In the present study, we identified a notable difference in the abundance of each gut microbe at the ASV level between baseline samples showing clinical remission and those showing no remission. ASVs belonging to Sporosarcina, Bacteroides spp., Enterobacter, and Prevotella bivia DSM 20514 were higher in baseline samples of week-8 remitters. ASVs assigned to taxa, including Bifidobacterium, Blautia, Enterococcus, and Lachnospiraceae, were less common in baseline samples of remitters. In addition, the log ratio of positive to negative ASVs was higher in remitters than in non-remitters based on the ROC curve analysis of baseline samples for predicting the response to ADA treatment. This result shows the importance of analyzing ASV levels to identify key microbes associated with an active member of the UC gut. The ratio of positive to negative ASVs could be a key factor for evaluating the effectiveness of ADA treatment in patients with UC.

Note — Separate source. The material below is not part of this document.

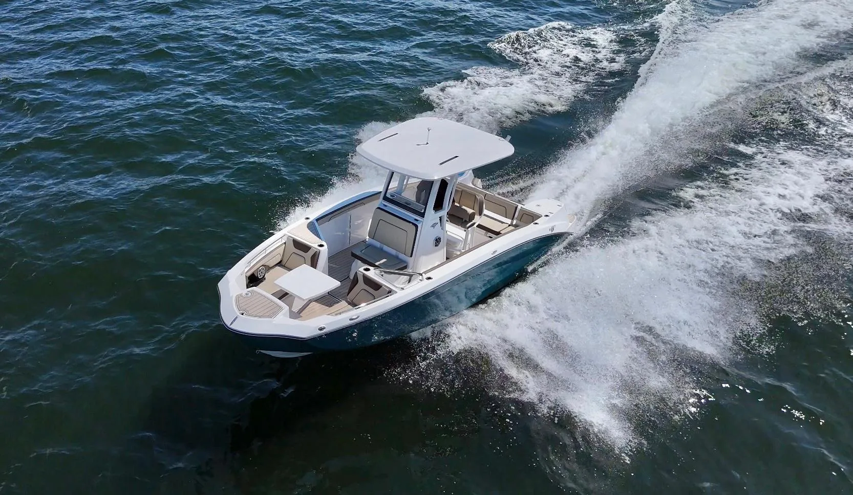 At nearly 40 feet, the 380 Realm express cabin cruiser is a sleek and powerful offshore boat that synthesizes sumptuous comfort amenities, advanced power and performance, and a peerless fishing experience. The commanding center console layout provides seamless Simrad® integration with all navigation and power functions, and the customizable aft deck is ideal for angling or entertaining. Below deck, you’ll find a stunningly appointed cabin with refined and relaxing features that make short or long stays on the water transformative. Explore the many benefits of this 38-ft. express cruiser boat today, and finally make your grandest boating dreams real.

Our study has several limitations. First, the smaller number of samples at 56 weeks could introduce bias into the longitudinal analysis. Additionally, the majority of samples collected at 56 weeks were from patients who demonstrated treatment efficacy at that time point. Second, this study may not account for all potential confounding factors that could influence the gut microbiome, such as dietary habits or lifestyle factors. Third, while this study contributes to understanding the microbial community dynamics influenced by anti-TNF treatment, the specific mechanisms and causal relationships between microbial changes and treatment outcomes were not elucidated. Lastly, the duration of the study, up to 56 weeks post-treatment, might not capture the long-term effects or changes that could occur beyond this timeframe. Considering these limitations, future research with larger and more diverse cohorts, longer follow-up durations, and consideration of potential confounding factors would provide a more comprehensive understanding of the effects of ADA therapy on the gut microbiome in patients with UC.